Prince Edward Island, Nova Scotia, Ontario: Union monopoly

For many years, the Committee has drawn the Government's attention to the necessity to amend certain provincial laws that designate by name the union recognized as the bargaining agent. The Committee notes with regret that, despite its repeated requests, the Government has provided no information on any measures that may have been taken by the Governments of Prince Edward Island and Ontario. The Committee also notes that the Government of Ontario recently had recourse to this practice, since section 277.3 of the Act to amend the Education Act (Bill 160 having received Royal Assent on 8 December 1997) designates by name the bargaining agents responsible for acting on behalf of one or other of the bargaining units composed of teachers, to the exclusion of supervisors, head teachers, deputy head teachers and lecturers in teacher-training institutions. On the other hand, the Government of Nova Scotia indicates that no changes to legislation in this area are planned, and emphasizes that the Nova Scotia Teachers' Union is not just a union, but a professional body promoting professional development and the education of school students. Under these circumstances, the Committee emphasizes that it has always considered that labour relations systems in which a single bargaining agent can be accredited to represent workers of a given bargaining unit, giving it the exclusive right to negotiate collective agreements and monitor their application and interpretation, is compatible with the Convention. However, the Committee considers that a union monopoly established or maintained by designation of the union in question by name in the relevant legislation contravenes the express terms of the Convention. The Committee is therefore obliged to urge the Governments of these Provinces once again to repeal from their respective legislation (Prince Edward Island: Civil Service Act, 1983; Nova Scotia: Teaching Professions Act; Ontario: Education Act and Teaching Professions Act) the names of individual trade unions, and to keep it informed of any steps taken in this regard.

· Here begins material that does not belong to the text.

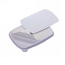 Viene provista de una placa de aluminio que sublimaremos y después pegaremos con su cara adhesiva sobre la tapa de la fiambrera

Federal Government: Restriction to the right to strike and collective bargaining

The Committee recalls that its previous comments concerned the adoption of the Maintenance of Railway Operations Act (C-77) and the West Coast Ports Operations Act (C-74), which ended work stoppages in their respective sectors. The Committee notes with interest the Government's statement to the effect that collective bargaining has been restored in both these sectors, a collective agreement that will remain in force until 31 December 1998 having been concluded in the case of the West Coast ports, while in the case of the railways, the relevant agreements have not all been finalized, although negotiations are in progress. Nevertheless the Committee notes with concern that the new section 87.7 of the Canada Labour Code, which was introduced by the adoption in May 1998 of Bill C-19 (which received Royal Assent on 18 June 1998), stipulates that, in the case of a strike or a lock-out in the long-shoring industry or other federal enterprises, the employees and their bargaining agents are required to continue to provide their services relating to the mooring, casting off and loading of grain vessels at terminal facilities and transfer elevators, and to the movement of grain vessels in and out of port. Recalling that a negotiated minimum service may be appropriate in situations in which, without calling into question the right to strike of the large majority of workers, one might consider ensuring that users' basic needs are met or that facilities operate safely or without interruption (see paragraph 162 of the General Survey on freedom of association and collective bargaining, 1994), the Committee urges the Government to ensure that this provision is not used for purposes incompatible with the principles of freedom of association.

Alberta

The Committee recalls that for a number of years it has been commenting on the need: (a) to repeal the provisions of the University Act which empower the Board of Governors to designate the academic staff members who are allowed, by law, to establish and join a professional association for the defence of their interests; and (b) to introduce an independent system of designation where the parties fail to reach agreement for the purpose of joining academic staff associations.

Noting the Government's information according to which it is the rules of a professional association which determine whether persons who are not members of the academic staff may join the association, the Committee considers nevertheless that the law, by granting the power of designation to the Board of Governors, may restrict the right of certain workers to establish and join organizations of their own choosing. Noting that a case concerning a similar provision in the Colleges Act was examined by the Court of Appeal in October 1997, and that no ruling has yet been handed down, the Committee requests the Government to keep it informed of the outcome of these proceedings.